Wednesday, February 26, 2025

Trump's cuts to government funding are bringing studies to a halt, possibly leading to mounting deaths worldwide, perhaps eclipsing U.S. COVID fatalities

UAB Medical Center in Birmingham, AL (U.S. News & World Report)
 

The Trump administration's cuts to government funding, are putting biomedical research at risk and imperiling worldwide health. Benjamin Mueller, who covers the National Institutes of Health (NIH) for The New York Times (NYT), explains under the headline "President Trump's Cuts to Medical Research." At NYT's The Morning newsletter, Mueller writes:

The Trump administration stormed into office, loudly firing workers and closing diversity programs. But behind the scenes, it has also brought biomedical research to the brink of crisis by holding up much of the $47 billion the United States spends on the field every year.

The world’s leading medical labs can be found in the United States, and they rely on grants from the National Institutes of Health. The agency has stopped vetting future studies on cancer, Alzheimer’s, heart disease and other ailments. Trump aides have said they just need time to review spending their predecessors had promised, but it’s unclear what they’re looking for at the N.I.H. or when scholars can expect to start receiving money again.

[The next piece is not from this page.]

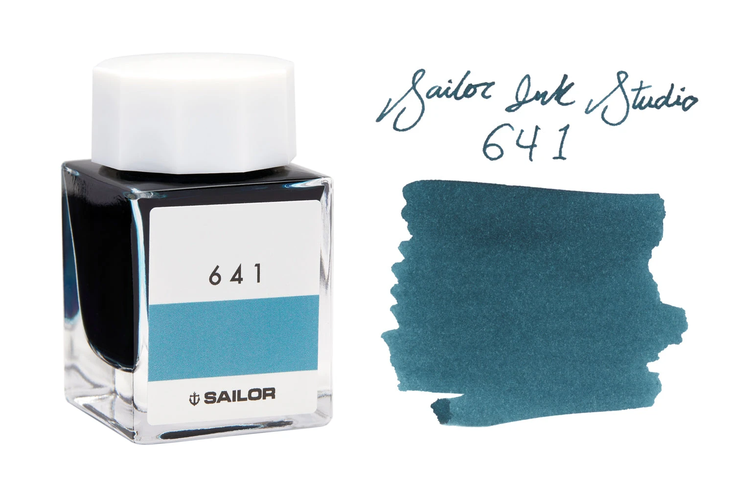 20ml square glass bottle of Sailor Ink Studio 641 turquoise fountain pen ink.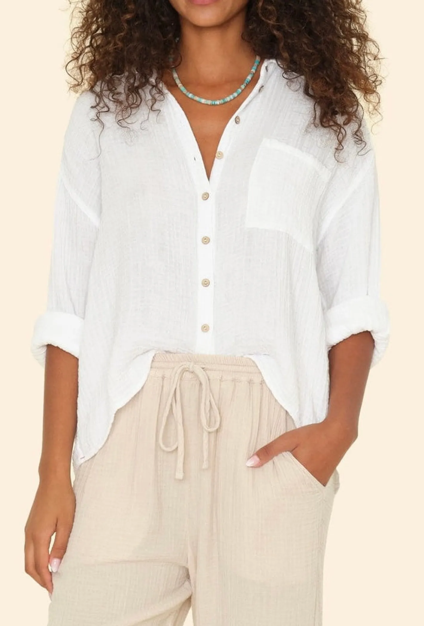 gewaschene doppelseitige Baumwoll Gazegecrinkelte Optikloose FitKnopfleisteeine BrusttascheManschettenHemdblusenkragenFa…

In today’s newsletter, I’ll walk you through what happened — and why it matters.

A complex machine

Late last month, when the Trump administration froze government grants, a federal judge said it couldn’t just hold back money Congress had agreed to spend. But spending money at the N.I.H., which awards more than 60,000 grants per year, isn’t so simple.

That’s because new grants endure a tortured bureaucratic process. The agency has to notify the public of grant review meetings in The Federal Register, a government publication. Then scientists and N.I.H. officials meet to discuss the proposals. The problem is that the Trump administration banned those announcements “indefinitely.” So new research projects can’t get approved.

In effect, scientists say, the Trump administration is circumventing the court order. Health officials didn’t block research outright, but by shutting down the process, they’re still not spending much of the money Congress allocated to various research goals.

The administration has also proposed other big changes, saying that universities should bear more of the “indirect costs” of research: maintaining lab space, paying support staff. Trump aides say the changes would trim administrative bloat and free up more government money for research.

That forced laboratories on university campuses around the country, such as UAB in Birmingham, AL, to put many of their life-saving studies on hold. What's next? That is hard to answer with any certainty. But we do know this much: These are matters of life and death -- and this is an instance where reckless and incompetent actions by the Trump administration probably will cause people to die -- not only in the U.S. but around the world. The number of fatalities could dwarf the roughly 1.3 million U.S. deaths from the COVID pandemic, which was brought to you by the first Trump administration.  What lies ahead? Mueller paints a decidedly grim picture -- a picture of which the general public probably is unaware, perhaps thinking, "Hey, Donald Trump is back in office, and he will make us great again! What could go wrong?" The answer is a lot, Mueller writes:

It’s hard to say how long the holdup will last. The Trump administration hasn’t submitted a single new grant review meeting to The Federal Register since a day after it took office. And even if it started adding new ones, the agency traditionally gives several weeks’ notice.

At risk are not only the tens of thousands of grants the N.I.H. awards each year, but also American dominance of biomedical research. Every dollar the agency spends on research generates more than two dollars in economic activity, the N.I.H. has said. Scores of patents follow. By some measures, the United States produces more influential health-sciences research than the next 10 leading countries combined.

The science unfolds across the country, including in red states (such as Alabama, Georgia, Florida, Tennessee, Louisiana, and Texas) where lawmakers have complained about proposed changes to indirect costs. Government-funded research (in blue and red states) can be a critical part of early-stage studies, often forging a path toward ground-breaking studies, before the private sector is even involved. Mueller writes:

Those findings often fuel pharmaceutical advancements, laying a foundation for drugs and vaccines long before private funders see such work as worth investing in.

Even Ozempic traces its roots back in part to work at the N.I.H on animal venom. Scientists found that the toxin from Gila monster lizards seemed to have particular physiological effects, helping lead eventually to one of the world’s most profitable and promising drugs.

New advances like those, scientists say, are in danger.